Weighted Least Squares Estimation of a Stationary Linear System

I figured I’d kind of skip over this variant in the least squares estimator, after all, my goal is to talk about all the stepping stones to get to the Kalman filter, and I’m a little impatient, but I like talking about the weighted least squares estimator because it shows that even if some of our measurements are less reliable than others we should never discard them. If we continue to run with the beat to death example of a resistor, let’s now assume we are using a couple different multimeters to make measurements, one that is really expensive and calibrated, and one that’s been purchased from Amazon for 10 dollars.
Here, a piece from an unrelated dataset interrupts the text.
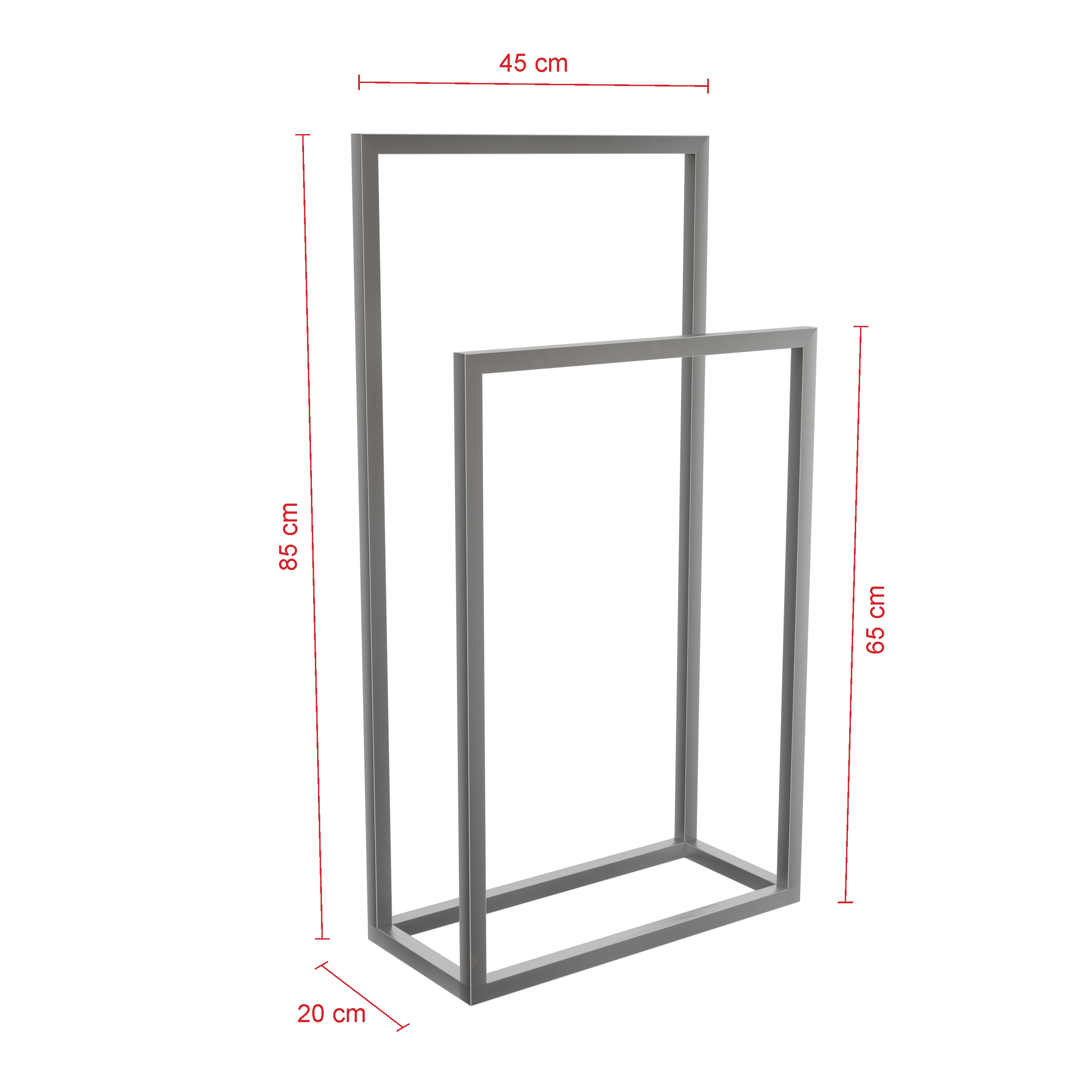 Luksusowy wieszak na ręczniki stojący podwójny, ze szlifowanej stali nierdzewnej. Mierzy 85 cm wysokości, 45 cm szerokości i 20 cm głębokości.

The above scenario essentially boils down to us saying we have more faith in one measuring device than the other, but how do we represent this in a mathematically meaningful way? With statistics!
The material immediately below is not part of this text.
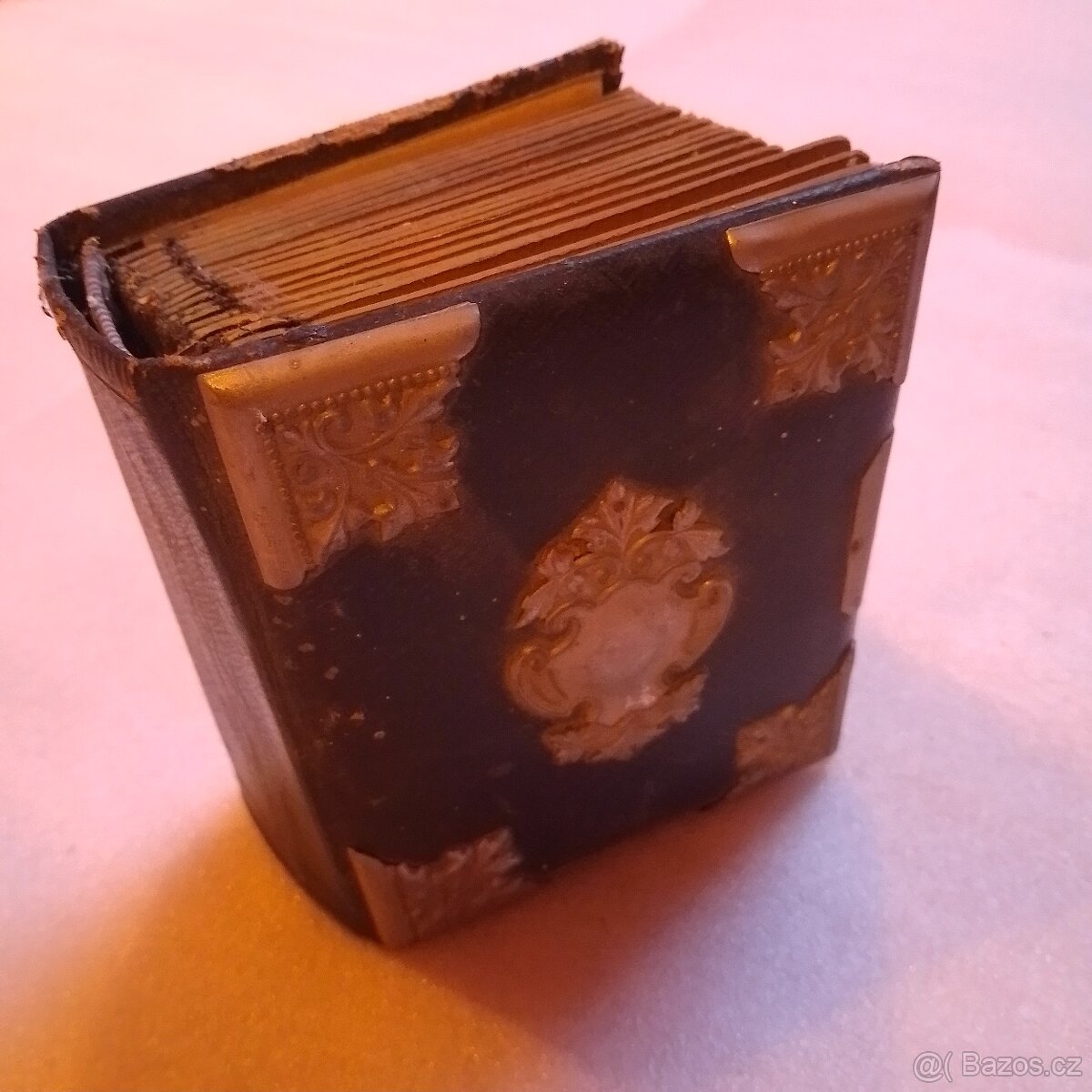 Prodám starožitné fotoalbum se starými fotografiemi.Album široké 5-6 cm ,má na přední vazbě zdobené kovové ozdoby se znakem uprostřed.Ozdoby v pořádku, vnitřek alba mírně poškozen,na svůj věk myslím stále solidní stav. Některé vnitřní stránky lehce natržené,fotky nepoškozeny - viz fota.

Let’s take the same equations from our last little talk about least squares estimation, but modify them now by actually characterizing the noise that we are experiencing. Now, if we assume that the noise for each measurement is zero-mean and independent we can write our expectation and measurement covariance matrix as follows:

\begin{aligned}  1) \displaystyle \qquad E(v_i^2) &= \sigma_i^2 \qquad (i=1, \dotsb, k)\\  R &= E(vv^T) \\  &= diag \left (\sigma_1^2, \dotsb , \sigma_k^2 \right )  \end{aligned}  

We then construct our cost function like we did before, but this time weigh the sum of squares equation by the variance in our measurements. This allows us to place more emphasis on measurements that are less noisy and less emphasis on measurements that are very noisy. This technique of weighing things by how much faith we have in measurements will continue to show up as we discuss “better” estimators. This weighting results in a cost function as follows:

\begin{aligned}  2) \displaystyle \qquad J &= \frac{\epsilon_{y1}^2}{\sigma_1^2} + \dotsb + \frac{\epsilon_{yk}^2}{\sigma_k^2}\\  &= \epsilon_y^T R^{-1} \epsilon_y \end{aligned}  

Honestly, when we carry out the matrix multiplication shown above we get a pretty dumb and long looking equation that I don’t really care to type out, and unless you’re just looking for a proof for a homework assignment it doesn’t matter much. Let’s call it good enough to show that when we again take the partial derivative of our cost function with respect to \hat{x} we arrive at

\begin{aligned}  3) \displaystyle \qquad \hat{x} = \left ( H^TR^{-1}H \right )^{-1}H^TR^{-1}y \end{aligned}  

It goes without saying that since we are inverting R in equation 3 it must be nonsingular, in other words, we have to assume that each of our measurements are affected by at least some amount of noise.

More Examples!

If we return to our example of estimating the resistance of a resistor, we can basically just employ equation 3 directly, which ends up being

\begin{aligned}  4) \displaystyle \qquad \hat{x} &= \left ( H^TR^{-1}H \right )^{-1}H^TR^{-1}y \\  &= \left( \sum \frac{1}{\sigma_i^2} \right )^{-1} \left (\frac {y_1}{\sigma_1^2} + \dotsb + \frac{y_k}{\sigma_k^2} \right ) \end{aligned}  

This time, instead of just the average of measurements our solution becomes the weighted sum of measurements, where each measurement is weighted by the inverse of our uncertainty in that measurement.

Boom.